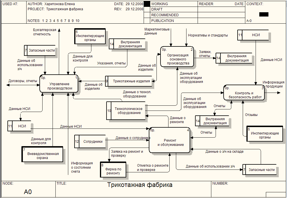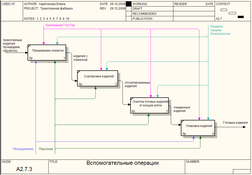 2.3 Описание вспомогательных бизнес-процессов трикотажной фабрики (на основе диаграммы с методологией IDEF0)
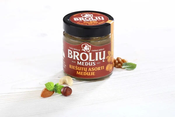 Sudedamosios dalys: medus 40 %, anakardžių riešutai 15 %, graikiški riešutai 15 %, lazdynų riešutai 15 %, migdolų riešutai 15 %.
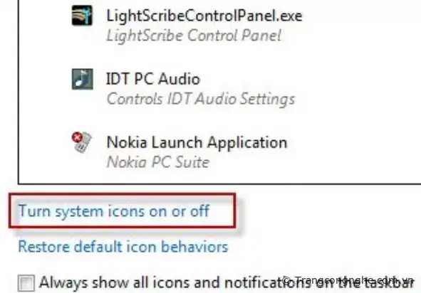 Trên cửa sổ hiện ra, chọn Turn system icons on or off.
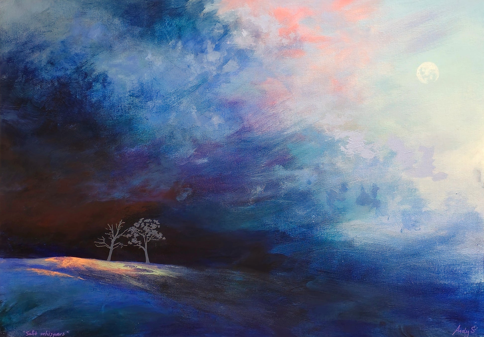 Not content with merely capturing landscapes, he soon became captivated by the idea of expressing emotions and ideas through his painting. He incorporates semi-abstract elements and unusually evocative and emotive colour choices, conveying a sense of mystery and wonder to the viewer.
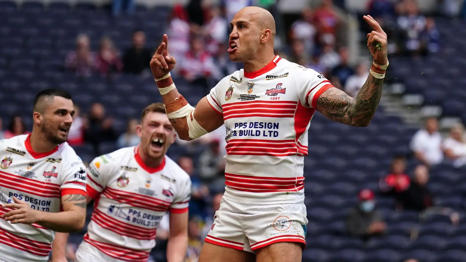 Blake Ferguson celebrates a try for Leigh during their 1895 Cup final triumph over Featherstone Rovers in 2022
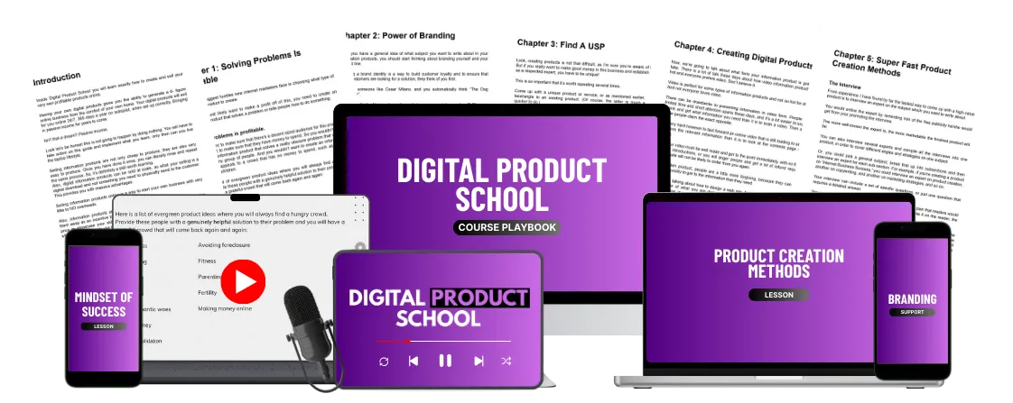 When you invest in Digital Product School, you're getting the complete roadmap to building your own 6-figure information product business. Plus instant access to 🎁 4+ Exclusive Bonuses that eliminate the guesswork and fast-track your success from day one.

________________________

> WORK ORDER
Output all of the data exactly as it stands, minus any images.

> TASK RESPONSE
 2.3 Описание вспомогательных бизнес-процессов трикотажной фабрики (на основе диаграммы с методологией IDEF0)
 Sudedamosios dalys: medus 40 %, anakardžių riešutai 15 %, graikiški riešutai 15 %, lazdynų riešutai 15 %, migdolų riešutai 15 %.
 Trên cửa sổ hiện ra, chọn Turn system icons on or off.
 Not content with merely capturing landscapes, he soon became captivated by the idea of expressing emotions and ideas through his painting. He incorporates semi-abstract elements and unusually evocative and emotive colour choices, conveying a sense of mystery and wonder to the viewer.
 Blake Ferguson celebrates a try for Leigh during their 1895 Cup final triumph over Featherstone Rovers in 2022
 When you invest in Digital Product School, you're getting the complete roadmap to building your own 6-figure information product business. Plus instant access to 🎁 4+ Exclusive Bonuses that eliminate the guesswork and fast-track your success from day one.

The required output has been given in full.